Dataset extract:

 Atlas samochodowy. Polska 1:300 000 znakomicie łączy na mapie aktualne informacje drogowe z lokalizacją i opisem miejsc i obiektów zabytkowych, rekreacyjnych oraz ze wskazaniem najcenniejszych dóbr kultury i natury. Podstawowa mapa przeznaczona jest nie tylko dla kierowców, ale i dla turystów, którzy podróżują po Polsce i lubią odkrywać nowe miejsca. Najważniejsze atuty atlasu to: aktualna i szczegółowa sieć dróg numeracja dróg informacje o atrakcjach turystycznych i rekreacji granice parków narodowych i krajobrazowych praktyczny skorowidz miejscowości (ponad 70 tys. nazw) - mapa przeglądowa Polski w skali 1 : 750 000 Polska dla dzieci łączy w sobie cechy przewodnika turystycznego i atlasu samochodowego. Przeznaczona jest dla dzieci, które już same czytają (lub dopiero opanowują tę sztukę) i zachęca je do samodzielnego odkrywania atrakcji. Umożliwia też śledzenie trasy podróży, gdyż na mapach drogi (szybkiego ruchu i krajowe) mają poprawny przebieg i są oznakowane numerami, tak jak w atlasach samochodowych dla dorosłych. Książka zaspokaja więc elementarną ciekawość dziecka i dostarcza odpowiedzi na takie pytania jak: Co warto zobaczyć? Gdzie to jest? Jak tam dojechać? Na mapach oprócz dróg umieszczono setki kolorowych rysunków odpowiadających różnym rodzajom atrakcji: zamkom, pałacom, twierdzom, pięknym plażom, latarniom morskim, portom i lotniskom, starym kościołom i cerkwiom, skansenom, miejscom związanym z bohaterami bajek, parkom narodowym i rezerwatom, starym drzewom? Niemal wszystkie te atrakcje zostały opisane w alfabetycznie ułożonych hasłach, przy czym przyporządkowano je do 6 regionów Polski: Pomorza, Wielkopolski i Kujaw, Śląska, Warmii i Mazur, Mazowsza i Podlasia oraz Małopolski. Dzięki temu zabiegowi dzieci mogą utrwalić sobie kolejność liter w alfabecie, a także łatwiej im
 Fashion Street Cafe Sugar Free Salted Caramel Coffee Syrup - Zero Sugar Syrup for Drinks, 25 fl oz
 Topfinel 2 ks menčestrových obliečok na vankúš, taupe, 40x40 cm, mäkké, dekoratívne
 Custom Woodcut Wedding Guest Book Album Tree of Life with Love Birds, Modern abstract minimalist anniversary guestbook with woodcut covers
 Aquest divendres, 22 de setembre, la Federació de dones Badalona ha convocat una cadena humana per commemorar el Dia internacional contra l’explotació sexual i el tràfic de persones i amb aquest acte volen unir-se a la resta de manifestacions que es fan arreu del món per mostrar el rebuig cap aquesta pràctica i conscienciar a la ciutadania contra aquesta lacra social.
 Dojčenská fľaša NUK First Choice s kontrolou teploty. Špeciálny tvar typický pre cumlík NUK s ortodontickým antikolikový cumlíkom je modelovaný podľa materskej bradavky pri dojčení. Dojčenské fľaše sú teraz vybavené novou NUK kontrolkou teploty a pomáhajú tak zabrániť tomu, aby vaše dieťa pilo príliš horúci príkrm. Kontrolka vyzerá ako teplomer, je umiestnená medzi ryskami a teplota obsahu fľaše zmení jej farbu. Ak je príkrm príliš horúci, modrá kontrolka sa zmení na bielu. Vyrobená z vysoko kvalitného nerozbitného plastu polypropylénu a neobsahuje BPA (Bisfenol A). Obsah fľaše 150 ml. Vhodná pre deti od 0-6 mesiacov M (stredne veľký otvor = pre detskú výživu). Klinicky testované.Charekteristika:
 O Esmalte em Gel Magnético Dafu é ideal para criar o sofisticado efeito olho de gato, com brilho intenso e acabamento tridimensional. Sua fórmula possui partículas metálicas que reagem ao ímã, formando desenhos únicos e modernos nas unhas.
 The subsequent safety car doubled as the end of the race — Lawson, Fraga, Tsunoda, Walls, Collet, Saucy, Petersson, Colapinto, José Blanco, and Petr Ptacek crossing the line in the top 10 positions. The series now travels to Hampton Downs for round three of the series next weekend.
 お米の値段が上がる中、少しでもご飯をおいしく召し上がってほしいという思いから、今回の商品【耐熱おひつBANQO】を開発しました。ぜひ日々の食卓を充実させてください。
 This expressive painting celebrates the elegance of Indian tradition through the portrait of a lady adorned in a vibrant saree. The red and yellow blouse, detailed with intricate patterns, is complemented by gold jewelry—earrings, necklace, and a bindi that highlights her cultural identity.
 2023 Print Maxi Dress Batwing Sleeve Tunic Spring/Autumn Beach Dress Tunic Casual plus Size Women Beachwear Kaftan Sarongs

What needs to be done:
The entire listing should be repeated with no line missing and no word altered.

Answer box:
 Atlas samochodowy. Polska 1:300 000 znakomicie łączy na mapie aktualne informacje drogowe z lokalizacją i opisem miejsc i obiektów zabytkowych, rekreacyjnych oraz ze wskazaniem najcenniejszych dóbr kultury i natury. Podstawowa mapa przeznaczona jest nie tylko dla kierowców, ale i dla turystów, którzy podróżują po Polsce i lubią odkrywać nowe miejsca. Najważniejsze atuty atlasu to: aktualna i szczegółowa sieć dróg numeracja dróg informacje o atrakcjach turystycznych i rekreacji granice parków narodowych i krajobrazowych praktyczny skorowidz miejscowości (ponad 70 tys. nazw) - mapa przeglądowa Polski w skali 1 : 750 000 Polska dla dzieci łączy w sobie cechy przewodnika turystycznego i atlasu samochodowego. Przeznaczona jest dla dzieci, które już same czytają (lub dopiero opanowują tę sztukę) i zachęca je do samodzielnego odkrywania atrakcji. Umożliwia też śledzenie trasy podróży, gdyż na mapach drogi (szybkiego ruchu i krajowe) mają poprawny przebieg i są oznakowane numerami, tak jak w atlasach samochodowych dla dorosłych. Książka zaspokaja więc elementarną ciekawość dziecka i dostarcza odpowiedzi na takie pytania jak: Co warto zobaczyć? Gdzie to jest? Jak tam dojechać? Na mapach oprócz dróg umieszczono setki kolorowych rysunków odpowiadających różnym rodzajom atrakcji: zamkom, pałacom, twierdzom, pięknym plażom, latarniom morskim, portom i lotniskom, starym kościołom i cerkwiom, skansenom, miejscom związanym z bohaterami bajek, parkom narodowym i rezerwatom, starym drzewom? Niemal wszystkie te atrakcje zostały opisane w alfabetycznie ułożonych hasłach, przy czym przyporządkowano je do 6 regionów Polski: Pomorza, Wielkopolski i Kujaw, Śląska, Warmii i Mazur, Mazowsza i Podlasia oraz Małopolski. Dzięki temu zabiegowi dzieci mogą utrwalić sobie kolejność liter w alfabecie, a także łatwiej im
 Fashion Street Cafe Sugar Free Salted Caramel Coffee Syrup - Zero Sugar Syrup for Drinks, 25 fl oz
 Topfinel 2 ks menčestrových obliečok na vankúš, taupe, 40x40 cm, mäkké, dekoratívne
 Custom Woodcut Wedding Guest Book Album Tree of Life with Love Birds, Modern abstract minimalist anniversary guestbook with woodcut covers
 Aquest divendres, 22 de setembre, la Federació de dones Badalona ha convocat una cadena humana per commemorar el Dia internacional contra l’explotació sexual i el tràfic de persones i amb aquest acte volen unir-se a la resta de manifestacions que es fan arreu del món per mostrar el rebuig cap aquesta pràctica i conscienciar a la ciutadania contra aquesta lacra social.
 Dojčenská fľaša NUK First Choice s kontrolou teploty. Špeciálny tvar typický pre cumlík NUK s ortodontickým antikolikový cumlíkom je modelovaný podľa materskej bradavky pri dojčení. Dojčenské fľaše sú teraz vybavené novou NUK kontrolkou teploty a pomáhajú tak zabrániť tomu, aby vaše dieťa pilo príliš horúci príkrm. Kontrolka vyzerá ako teplomer, je umiestnená medzi ryskami a teplota obsahu fľaše zmení jej farbu. Ak je príkrm príliš horúci, modrá kontrolka sa zmení na bielu. Vyrobená z vysoko kvalitného nerozbitného plastu polypropylénu a neobsahuje BPA (Bisfenol A). Obsah fľaše 150 ml. Vhodná pre deti od 0-6 mesiacov M (stredne veľký otvor = pre detskú výživu). Klinicky testované.Charekteristika:
 O Esmalte em Gel Magnético Dafu é ideal para criar o sofisticado efeito olho de gato, com brilho intenso e acabamento tridimensional. Sua fórmula possui partículas metálicas que reagem ao ímã, formando desenhos únicos e modernos nas unhas.
 The subsequent safety car doubled as the end of the race — Lawson, Fraga, Tsunoda, Walls, Collet, Saucy, Petersson, Colapinto, José Blanco, and Petr Ptacek crossing the line in the top 10 positions. The series now travels to Hampton Downs for round three of the series next weekend.
 お米の値段が上がる中、少しでもご飯をおいしく召し上がってほしいという思いから、今回の商品【耐熱おひつBANQO】を開発しました。ぜひ日々の食卓を充実させてください。
 This expressive painting celebrates the elegance of Indian tradition through the portrait of a lady adorned in a vibrant saree. The red and yellow blouse, detailed with intricate patterns, is complemented by gold jewelry—earrings, necklace, and a bindi that highlights her cultural identity.
 2023 Print Maxi Dress Batwing Sleeve Tunic Spring/Autumn Beach Dress Tunic Casual plus Size Women Beachwear Kaftan Sarongs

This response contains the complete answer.